Ce type d’assertions repose sur un travail scientifique d’une ampleur titanesque. La prévision de l’augmentation du niveau de la mer « c’est un des plus beaux défis scientifiques contemporains », s’exclame Benoit Meyssignac, océanographe au laboratoire Legos, à Toulouse. « Et cela a un intérêt sociétal énorme. C’est sans doute l’un des rares sujets dont l’impact concret est directement en lien avec le vertige que peut donner la science. » Car derrière cette montée des eaux se cachent de nombreux facteurs qui s’entremêlent, des effets d’échelle, des défis techniques ou encore des difficultés théoriques. « Pour modéliser le climat, il faut un modèle de l’océan, un modèle de l’atmosphère, un modèle pour l’hydrologie… Et tous ces modèles interagissent les uns avec les autres », explique Mélanie Becker, chercheuse en géophysique au laboratoire Liens et directrice de recherche au CNRS.
Concrètement, pour établir ces prévisions, les scientifiques s’appuient sur des observations pour identifier comment le niveau de la mer a évolué par le passé, et comment il évolue aujourd’hui. Ils cherchent ensuite à comprendre les causes de ces changements en proposant des modèles théoriques fondés sur des équations physiques connues. En comparant les résultats fournis par leurs modèles aux observations faites par le passé, ils confirment ou infirment leurs hypothèses et affinent les paramètres. Ce sont ensuite ces modèles, capables de reproduire les données du passé, qui sont utilisés pour prévoir l’avenir en fonction des différents scénarios de réchauffement de la planète.

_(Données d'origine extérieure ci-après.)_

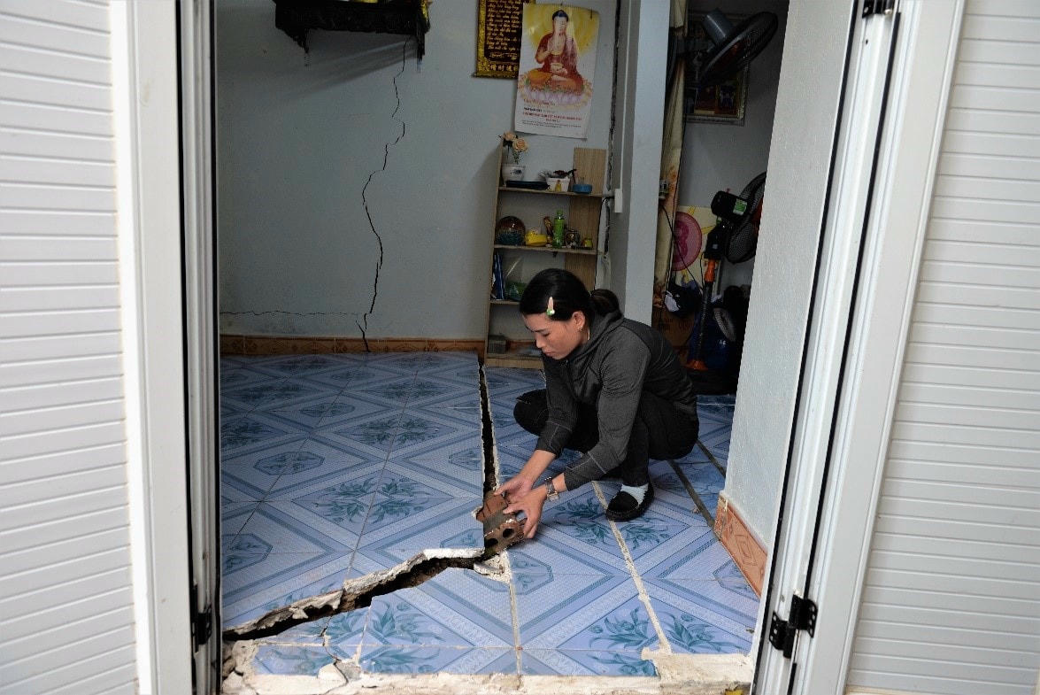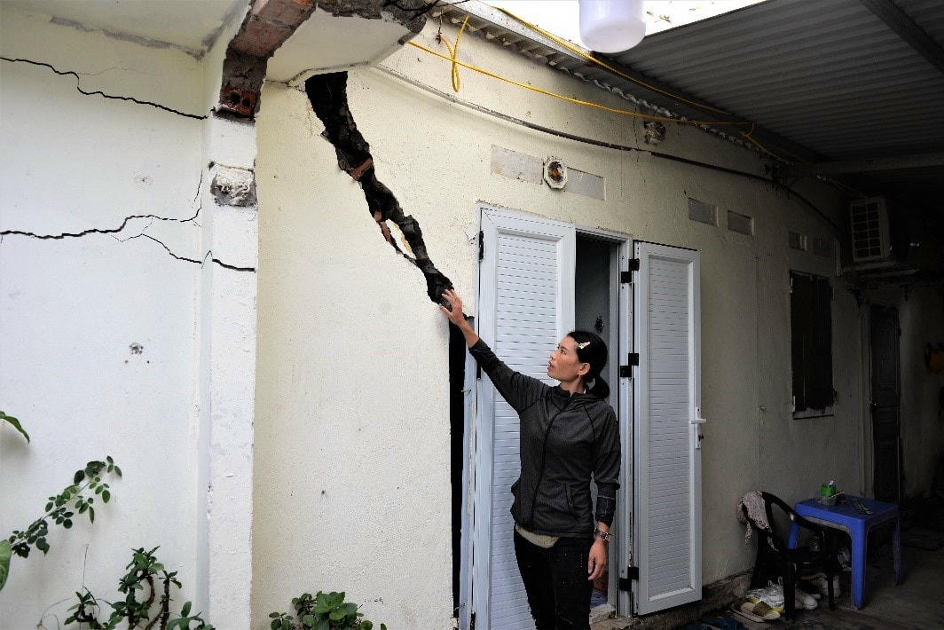Đặc biệt trong đợt mưa lớn của bão số 2 vừa qua, các hiện tượng nứt, gãy càng rõ ràng, ảnh hưởng tới tính mạng và tài sản của nhà dân. Vì vậy, để đảm bảo an toàn cho người dân, UBND phường Giếng Đáy đã yêu cầu 14 hộ dân di dời khẩn cấp trước khi bão số 3 đổ bộ.

Accélération de la fonte des glaces
A l’échelle globale, les principaux processus qui influencent le niveau moyen des océans sont aujourd’hui bien connus. D’abord, sous l’effet du réchauffement climatique, l’océan se dilate. « Les émissions de gaz à effet de serre limitent le rayonnement infrarouge de la Terre vers l’espace, explique Benoit Meyssignac. Par conséquent, la Terre et son atmosphère reçoivent plus d’énergie qu’elles n’en émettent. Or, ce surplus énergétique est stocké à plus de 90 % dans l’océan, car l’eau a une capacité calorifique [capacité à absorber l’énergie] beaucoup plus importante que l’air. » Conséquence : l’océan se réchauffe, et son immense volume d’eau se dilate.